_TASK STATEMENT_.
When you reach the line that contains "Ça fonctionne de" in the data below, start reproducing lines exactly, and stop after the line that contains "Dit is een universeelslot".

_MATERIAL FOR THIS TASK_.
---*---

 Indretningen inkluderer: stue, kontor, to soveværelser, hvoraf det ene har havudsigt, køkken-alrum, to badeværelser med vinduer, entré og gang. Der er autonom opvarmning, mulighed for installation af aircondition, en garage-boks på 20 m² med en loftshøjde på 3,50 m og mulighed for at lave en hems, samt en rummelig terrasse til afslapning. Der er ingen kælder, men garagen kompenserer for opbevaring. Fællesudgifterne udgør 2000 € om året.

---*---

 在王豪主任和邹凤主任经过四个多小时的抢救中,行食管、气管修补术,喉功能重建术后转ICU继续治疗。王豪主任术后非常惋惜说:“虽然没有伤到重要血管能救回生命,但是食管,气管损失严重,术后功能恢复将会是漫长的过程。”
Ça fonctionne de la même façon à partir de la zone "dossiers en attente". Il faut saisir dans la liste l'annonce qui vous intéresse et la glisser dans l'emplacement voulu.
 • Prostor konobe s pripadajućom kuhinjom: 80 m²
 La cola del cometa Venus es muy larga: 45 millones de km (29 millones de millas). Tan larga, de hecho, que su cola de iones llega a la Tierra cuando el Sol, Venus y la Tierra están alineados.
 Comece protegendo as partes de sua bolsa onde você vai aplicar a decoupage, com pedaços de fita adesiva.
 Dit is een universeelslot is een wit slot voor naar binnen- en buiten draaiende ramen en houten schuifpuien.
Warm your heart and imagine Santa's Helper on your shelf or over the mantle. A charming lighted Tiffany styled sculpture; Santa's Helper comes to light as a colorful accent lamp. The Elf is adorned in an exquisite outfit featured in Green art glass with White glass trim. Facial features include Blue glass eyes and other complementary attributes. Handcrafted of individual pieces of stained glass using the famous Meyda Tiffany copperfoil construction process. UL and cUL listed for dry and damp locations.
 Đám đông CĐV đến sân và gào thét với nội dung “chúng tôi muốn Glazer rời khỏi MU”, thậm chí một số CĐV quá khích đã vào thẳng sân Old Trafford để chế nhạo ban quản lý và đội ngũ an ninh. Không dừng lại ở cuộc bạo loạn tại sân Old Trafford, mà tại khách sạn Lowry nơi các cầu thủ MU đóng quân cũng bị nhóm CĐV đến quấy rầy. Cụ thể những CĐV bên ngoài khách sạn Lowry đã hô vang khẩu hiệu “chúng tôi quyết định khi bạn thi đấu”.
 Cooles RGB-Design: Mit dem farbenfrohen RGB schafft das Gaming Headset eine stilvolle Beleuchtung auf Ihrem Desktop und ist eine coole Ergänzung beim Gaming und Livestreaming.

---*---

_RESULT FOR THIS EXERCISE_.
Ça fonctionne de la même façon à partir de la zone "dossiers en attente". Il faut saisir dans la liste l'annonce qui vous intéresse et la glisser dans l'emplacement voulu.
 • Prostor konobe s pripadajućom kuhinjom: 80 m²
 La cola del cometa Venus es muy larga: 45 millones de km (29 millones de millas). Tan larga, de hecho, que su cola de iones llega a la Tierra cuando el Sol, Venus y la Tierra están alineados.
 Comece protegendo as partes de sua bolsa onde você vai aplicar a decoupage, com pedaços de fita adesiva.
 Dit is een universeelslot is een wit slot voor naar binnen- en buiten draaiende ramen en houten schuifpuien.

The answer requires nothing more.